The Dana White’s Contender Series has produced some memorable action thus far, so let’s take a look at what to look out for when week three takes place on August 18.
Louis Cosce v. Victor Reyna
Cheyanne Buys v. Hilarie Rose
Orion Cosce v. Matt Dixon
Chad Johnson v. Josh Parisian
Oron Kahlon v. Collin Anglin
What do these athletes have to offer, and who should win? Scroll on, and find out!
Note: The Kahlon/Anglin fight has been rescheduled and replaced by the previously scrapped Kevin Syler vs. Kenny Cross fight from Week 1.
Welterweight: Louis Cosce v. Victor Reyna
Louis Cosce (6-0-0) is a fighter out of California and trains out of Lost Boys Jiu Jitsu and Muay Thai. Interestingly, his brother, Orion Cosce is also fighting on this card. All six of his wins have come inside the first round, two of which came in under 30 seconds.
Cosce is a fast starter, and likes to put pressure on with punches and kicks in equal measure.
He does have a wrestling background, but often chooses not to use it. It’s not like he’s really had to either with four T/KO’s out of his six wins.
Victor Reyna (11-4-0) returns to the Contender Series after dropping a decision to Miguel Baeza last year. In addition to losing, Reyna missed the welterweight limit by 8 pounds. In all fairness, he took that fight on 10 days notice.
Reyna is tough as hell. In his last DWCS showing, he survived almost a full round of one-way traffic. He showed great recovery and submission defense. In addition, Reyna came back and won the final round.
By the way, if you’ve never watched that fight, do yourself a favor and fix that. It’s fantastic.
The strongest aspect of Reyna’s game is his striking. He has straight punches in quick combination, and his middle-kicks and leg-kicks are powerful and accurate.
In his latest fight, a decision win against Nick Gay, Reyna used superior clinch-work to wear down his opponent and get well-timed takedowns. Reyna appeared to be in fantastic shape, and excelled in all aspects in this dominating performance.
Prediction: Victor Reyna. Experience is seriously underrated in MMA, and I think that it’s going to play a major role in this fight.
Reyna has more than double the fights of Cosce, and while Cosce has competitive experience due to his wrestling, it’s not the same. In addition to having less overall fights, Cosce has never been outside of the first round, only going past four minutes once.
In Reyna, he will have to deal with a durable, slick striker who knows how to survive and can fight competently everywhere. Reyna is relaxed and composed, and as displayed in his last fight on DWCS, he will be in there all three rounds if need be.
I think Reyna will have to survive at times, but he will use his well-rounded game and solid conditioning to wear down Cosce for the victory.

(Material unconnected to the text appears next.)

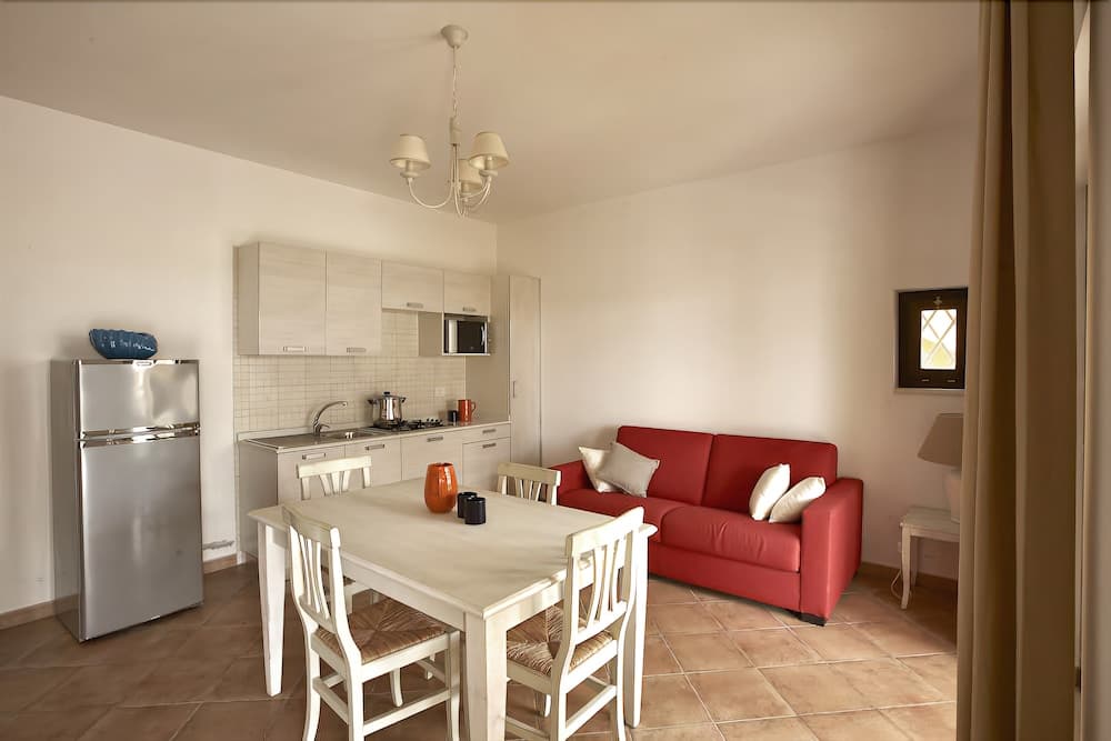 Immerse in un suggestivo scenario naturale, sono state realizzate per regalare il massimo comfort, luminose, accoglienti ed elegantemente arredate, tutte con servizi privati, aria condizionata, TV e cassetta di sicurezza, telefono o collegamento citofonico, patio o terrazzo esterno arredato. La Camera Standard può essere assegnata, in base alla disponibilità e occupazione, in una delle seguenti tipologie: camere doppie, triple o quadruple (3° e 4° letto in divano letto), ubicate nelle aree adiacenti l’area servizi o nel corpo centrale (disponibili camere comunicanti); o anche in appartamenti bilocali e trilocali, che si trovano a circa 150-250 metri dall’hotel, ideali per le famiglie più numerose e per chi ama maggiore abitabilità e riservatezza (disponibili bilocali con camera matrimoniale e divano letto in area living o trilocali con una camera doppia aggiuntiva). Suite: si tratta di sistemazioni che prevedono assegnazione di camere con ambienti separati, dotate di aria condizionata, TV e cassetta di sicurezza, minibar (riempibile su richiesta e con consumazioni da pagare in loco), bagno con vasca o doccia e asciugacapelli; ovvero degli Appartamenti del Porto, ognuno caratterizzato da arredi e colori differenti, con spettacolare vista sul porto: i bilocali dispongono di area living e cucina attrezzata, camera matrimoniale, bagno con doccia e terrazzo arredato; i trilocali dispongono di ulteriore camera con due letti separati, e possono ospitare fino a 6 persone.

Strawweight: Cheyanne Buys v. Hilarie Rose
Cheyanne Buys (4-1-0) is a Fortis MMA product, fighting out of Texas.
Buys has a well-developed striking game, utilizing quick footwork and counter-striking. At her last bout at LFA 57, commentator called her standup “fluent”, and I would have to agree.
Her best weapons are her right-hook/over-hook, and a really nice jab. She has kicks as well. Buys used her leg-kicks and body-kicks to great effect in the aforementioned LFA fight.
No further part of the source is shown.